Add support for variables in outputs and default provider #6602

blakerouse · 2025-01-24T20:26:04Z

What does this PR do?

Adds support for context variables (ONLY) in outputs. Adds support for a default provide prefix to be defined for variables (default is env). This provides support for the original ${ES_PASSWORD} when used in outputs to still work as it will automatically map that to ${env.ES_PASSWORD} and it will get resolved for the context variables the same as it was being done by go-ucfg.
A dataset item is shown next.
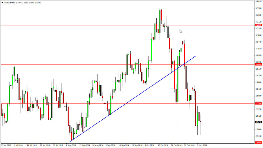 Natural gas markets have been volatile again during the Friday session, but have done something that was interesting in the sense that they have formed a hammer. I think this means that we will probably have some type of bounce from here but I see a massive resistance barrier that starts at the $2.75 level above, and extends all the way to the $2.85 level. Because of this, I think it is prudent to simply wait for some type of rally that show signs of exhaustion that you can start selling. I think that it is difficult to imagine going long of this market at the moment, at least not until we break above the $2.85 level, and even then I would be concerned about the $3 handle. The supply of natural gas is enormous, and quite frankly will be for the foreseeable future. Because of this, I am not interested in buying this contract and I simply wait for opportunities to sell, much like gold markets were in the 1980s.

This includes an improvement to how variables are observed in the composable controller and how it is used by the coordinator. Now when a set of observable's are passed to the composable controller it will return the current set of variables after the debounce time, this ensures that before the variables are substituted that it is using the latest set of variables. Without this change running would always show an error at first with ${env.ES_PASSWORD} is an unknown variable and then less than a few milliseconds it would find it. This change removes that behavior and is able to find the variable on initial render.

Why is it important?

This allows the ability for all context provides to be able used in the outputs configuration. This is useful for using say the kubernetes_secrets provider in the policy for credentials or the new filesource provider to get a value from a file into the outputs. This is done in a way to not break compatibility with ${ES_PASSWORD} that could be used in outputs when it was rendered by go-ucfg, by the addition of a default provider setting (which defaults to env).

Checklist

I have read and understood the pull request guidelines of this project.
My code follows the style guidelines of this project
I have commented my code, particularly in hard-to-understand areas
~~[ ] I have made corresponding changes to the documentation~~
~~[ ] I have made corresponding change to the default configuration files~~
I have added tests that prove my fix is effective or that my feature works
I have added an entry in ./changelog/fragments using the changelog tool
~~[ ] I have added an integration test or an E2E test~~ (great coverage in unit tests)

Disruptive User Impact

None.

How to test this PR locally

Replace a field in the elastic-agent.yml with a variable like from the environment provider.

outputs:
  default:
    type: elasticsearch
    hosts: [127.0.0.1:9200]
    username: "${ES_USER}"
    password: "${ES_PASSWORD}"
    preset: balanced

Run with the variables.

ES_USER=elastic ES_PASSWORD=password ./elastic-agent run -e

Observe that the ES_USER and ES_PASSWORD are substituted.

Related issues

Relates Support context variables in the Elastic Agent policy output section #6376

mergify · 2025-01-24T20:26:41Z

This pull request does not have a backport label. Could you fix it @blakerouse? 🙏
To fixup this pull request, you need to add the backport labels for the needed
branches, such as:

backport-./d./d is the label to automatically backport to the 8./d branch. /d is the digit

mergify · 2025-01-24T20:26:41Z

backport-v8.x has been added to help with the transition to the new branch 8.x.
If you don't need it please use backport-skip label and remove the backport-8.x label.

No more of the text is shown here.